[英]Rename and Move S3 files based on their folders name in spark scala
I have spark output in a s3 folders and I want to move all s3 files from that output folder to another location ,but while moving I want to rename the files .我在 s3 文件夹中有 spark 输出,我想将所有 s3 文件从该输出文件夹移动到另一个位置,但在移动时我想重命名文件。
For example I have files in S3 folders like below例如,我在 S3 文件夹中有文件,如下所示
Now I want to rename all files and put into another directory,but the name of the files would be like below现在我想重命名所有文件并放入另一个目录,但文件的名称如下所示
Fundamental.FinancialStatement.FinancialStatementLineItems.Japan.1971-BAL.1.2017-10-18-0439.Full.txt
Fundamental.FinancialStatement.FinancialStatementLineItems.Japan.1971-BAL.2.2017-10-18-0439.Full.txt
Fundamental.FinancialStatement.FinancialStatementLineItems.Japan.1971-BAL.3.2017-10-18-0439.Full.txt
Here Fundamental.FinancialStatementis constant in all the files 2017-10-18-0439
current date time .这里 Fundamental.FinancialStatement 在所有文件2017-10-18-0439
当前日期时间中是常量。
This is what I have tried so far but not able to get folder name and loop through all files这是我迄今为止尝试过的,但无法获取文件夹名称并遍历所有文件
import org.apache.hadoop.fs._
val src = new Path("s3://trfsmallfffile/Segments/output")

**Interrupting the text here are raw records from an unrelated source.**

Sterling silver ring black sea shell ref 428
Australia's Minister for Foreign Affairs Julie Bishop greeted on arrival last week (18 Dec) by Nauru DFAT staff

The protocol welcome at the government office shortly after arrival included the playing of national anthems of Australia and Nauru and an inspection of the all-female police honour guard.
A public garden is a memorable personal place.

val dest = new Path("s3://trfsmallfffile/Segments/Finaloutput")
val conf = sc.hadoopConfiguration // assuming sc = spark context
val fs = src.getFileSystem(conf)
//val file = fs.globStatus(new Path("src/DataPartition=Japan/part*.gz"))(0).getPath.getName
//println(file)
val status = fs.listStatus(src)
status.foreach(filename => {
val a = filename.getPath.getName.toString()
println("file name"+a)
//println(filename)
})
This gives me below output这给了我下面的输出
file nameDataPartition=Japan
file nameDataPartition=SelfSourcedPrivate
file nameDataPartition=SelfSourcedPublic
file name_SUCCESS
This gives me folders details not files inside the folder.这给了我文件夹详细信息而不是文件夹内的文件。

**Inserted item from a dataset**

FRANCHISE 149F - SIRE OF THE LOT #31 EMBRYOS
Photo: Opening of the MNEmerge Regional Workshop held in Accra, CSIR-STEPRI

Reference is taken from here Stack Overflow Refrence参考取自这里Stack Overflow Refrence
You are getting directory because you have sub dir level in s3 .您正在获取目录,因为您在 s3 中有子目录级别。
/*/* to go in subdir .
Try this尝试这个
import org.apache.hadoop.fs._
val src = new Path("s3://trfsmallfffile/Segments/Output/*/*")
val dest = new Path("s3://trfsmallfffile/Segments/FinalOutput")
val conf = sc.hadoopConfiguration // assuming sc = spark context
val fs = src.getFileSystem(conf)
val file = fs.globStatus(new Path("s3://trfsmallfffile/Segments/Output/*/*"))
for (urlStatus <- file) {
//println("S3 FILE PATH IS ===:" + urlStatus.getPath)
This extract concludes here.